When Do I Use Hooks?

Use hooks to stream non-LLM events to the UI or logs. The most common use case is tool call visibility - showing users when tools execute and what they return.

Why hooks are useful:

Debugging: Log prompts, tool calls, and agent transitions during development ✅ UI Visibility: Stream tool executions to frontend for better UX ✅ Observability: Track agent behavior beyond just the final response ✅ Customization: Control what events appear in UI vs. what stays hidden

Our TemporalStreamingHooks class handles tool calls out of the box - tool requests and responses automatically appear in the UI:

# No special setup needed - just run your agent!
result = await Runner.run(agent, params.event.content.content)

# Create hooks instance with task_id
hooks = TemporalStreamingHooks(task_id=params.task.id)

# Pass hooks to Runner.run() - tool calls now stream to UI automatically
result = await Runner.run(agent, params.event.content.content, hooks=hooks)

Default behavior:

  • on_tool_start(): Creates tool_request message in database → streams to frontend
  • on_tool_end(): Creates tool_response message in database → streams to frontend
  • Frontend automatically renders these as tool call cards (works out of the box!)

Customizing Hooks (Advanced)

Inherit from TemporalStreamingHooks and override any methods to customize behavior:

from agentex.lib.core.temporal.plugins.openai_agents.hooks.hooks import TemporalStreamingHooks
from agentex import adk
from agentex.types.text_content import TextContent

class CustomHooks(TemporalStreamingHooks):
    """Override specific lifecycle events for custom streaming behavior"""

    async def on_tool_start(self, tool_call):
        """Customize what shows when tool starts"""
        # Example: Hide internal tools, show user-facing ones
        if tool_call.tool_name.startswith("internal_"):
            return  # Skip - don't stream to UI

        # Call parent implementation or create custom message
        await super().on_tool_start(tool_call)

    async def on_agent_start(self, agent, context):
        """Stream agent handoffs to UI"""
        await adk.messages.create(
            task_id=self.task_id,
            content=TextContent(
                author="system",
                content=f"🤖 Agent '{agent.name}' is now active"
            )
        )

    async def on_llm_start(self, context):
        """Log prompts for debugging (don't stream to UI)"""
        # Log to Temporal, not to UI messages
        print(f"LLM prompt: {context.messages}")

# Use your custom hooks
hooks = CustomHooks(task_id=params.task.id)
result = await Runner.run(agent, params.event.content.content, hooks=hooks)

Key Takeaway: Hooks provide flexible streaming for agent events beyond LLM responses.

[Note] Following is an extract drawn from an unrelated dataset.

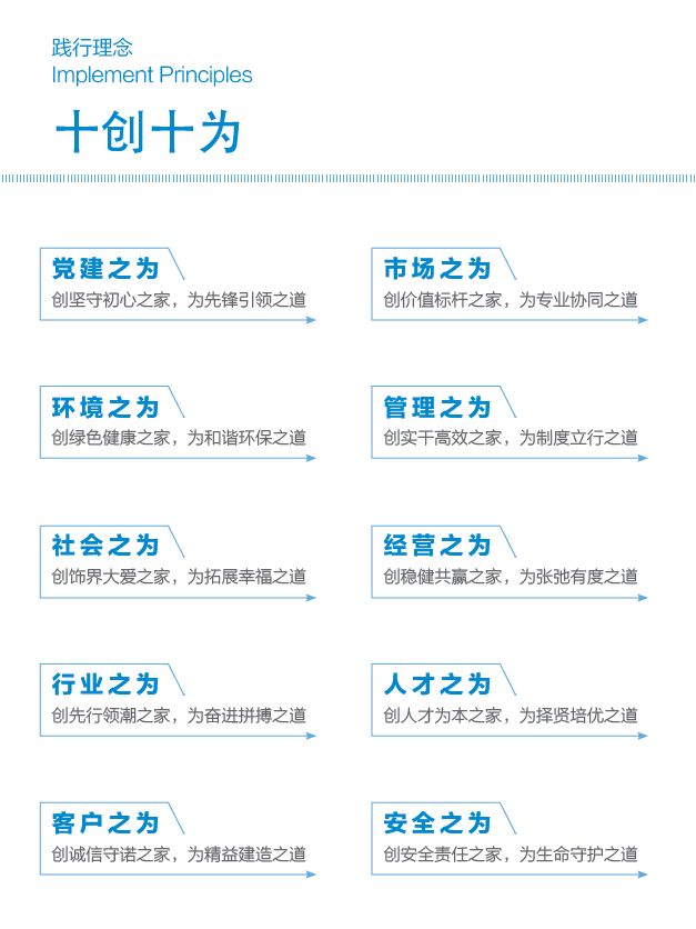 文化引領(lǐng)發(fā)展,文化成就未來。企業(yè)文化彰顯企業(yè)的價值觀,凝聚人心和力量,是企業(yè)發(fā)展的強大精神動力。2013年,中建深裝梳理、總結(jié)、提煉了深裝人共同的價值取向和精神財富,形成了具有公司特色的企業(yè)文化“家文化”?!笆濉逼陂g,在凝練出富有自身特色的企業(yè)文化——“家文化”的基礎(chǔ)之上,進一步完善發(fā)展升華出“有為之家”的企業(yè)文化,創(chuàng)新提出“十創(chuàng)十為”的踐行理念。升級后的“家”文化,以爭先為魂,以奮斗為本,指引公司共筑“幸福有為”之家,開創(chuàng)企業(yè)高質(zhì)量發(fā)展的新征程。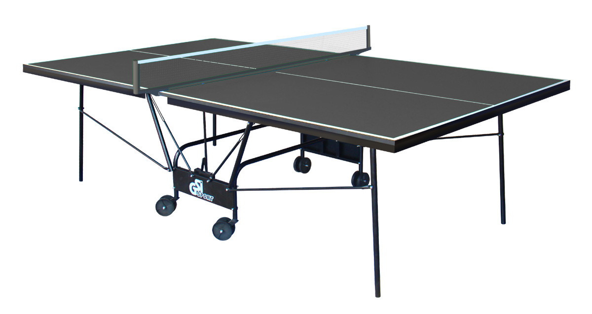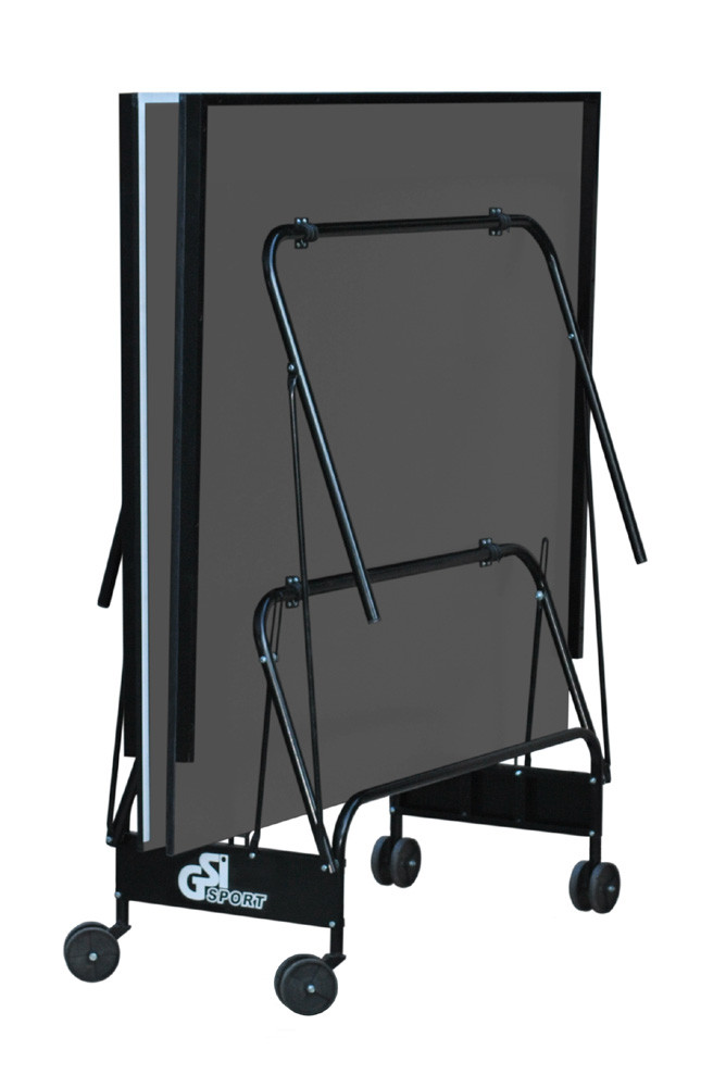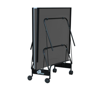 Тенісний стіл для закритих приміщень. Як матеріал для ігрової поверхні використовується спеціально оброблена древесностружечная плита (ДСП) товщиною 16 мм. На ДСП нанесено спеціальне антиблікове пластикове покриття кольору графіт. Ігрова поверхня оснащена металевою рамою (прямокутний профіль 30 * 20 мм). Тенісний стіл базується на компактній зручній візку, виготовленої з металевого трубчастого профілю діаметром 25 мм з поліефірним покриттям. Конструкція столу дозволяє тренуватися в поодинці. Стіл легко переміщується на 4-х здвоєних колесах діаметром 107 мм, 2 колеса маневрені.

Use the default class for tool call visibility out of the box, or inherit and override for custom behavior. This gives you fine-grained control over what users see in the UI.

What You'll See

Agent Response:

Hello World Response

Temporal UI - Automatic Activity:

Hello World Temporal UI

The invoke_model_activity is created automatically by the plugin, providing full observability.